In a 2-cup microwave-safe measuring cup or bowl, microwave oil and white chocolate chips until just melted,
about 20 seconds, and stir together until smooth.
Add sugar and stir.
If mixture is hot, allow it to cool before adding egg.
Beat in egg with a fork.
Stir in milk, lemon juice, almond extract and zest.
Add flour and salt and stir until batter is smooth.
Divide batter evenly between two mugs, filling them no more than halfway.
Microwave one mug at a time for about 60 to 70 seconds, or about 10 to 15 seconds after cake has risen and peaked.
Cake will fall and may appear wet, but should spring back to touch.

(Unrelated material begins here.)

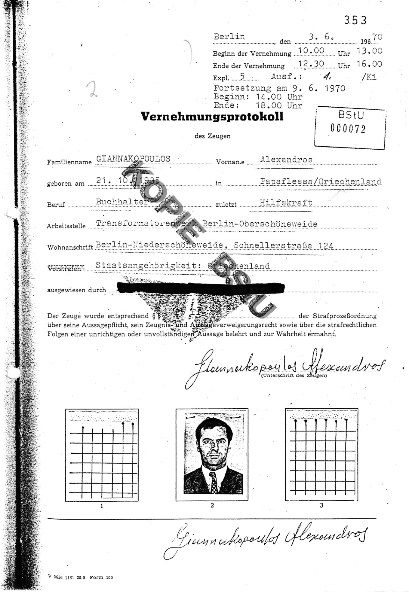 Εγγραφα από τον φάκελό του στη Στάζι, ο οποίος ήταν 85 τόμους

If not done, microwave 10 to 15 seconds longer and check for doneness.
Do not over cook or cake will become tough and spongy.
For Lemon Syrup:
Combine sugar, lemon juice and water and microwave for a few seconds until hot.
Stir to dissolve sugar. Poke holes with tooth pick in top of mug cakes and spoon half of hot syrup over each cake.

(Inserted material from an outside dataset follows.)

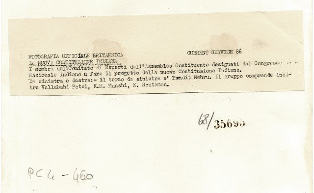 Foto dei membri dell'Assemblea costituente svoltasi il 23 agosto 1946 a Bombay e raffigurante tra i vari personaggi Pandit Nehru

Allow to cool slightly and set up.
Cake is best when enjoyed shortly after it's prepared.
For Glaze: (optional)
Stir together powdered sugar and lemon juice.
If necessary, add a few drops of water to achieve desired consistency.
Alternatively, dust with powdered sugar, if desired.
Recipe Notes:
* Times suggested in recipe are for a 650-watt microwave oven. More powerful microwaves will require less cooking time.
* Recipe was created using a large egg. Using a smaller egg is OK, but avoid using an extra large egg.
Tip: If you do not have self-rising flour, you can make it by whisking together 1 cup all-purpose flour, 1 1/2 teaspoons baking powder and 1/4 teaspoon salt.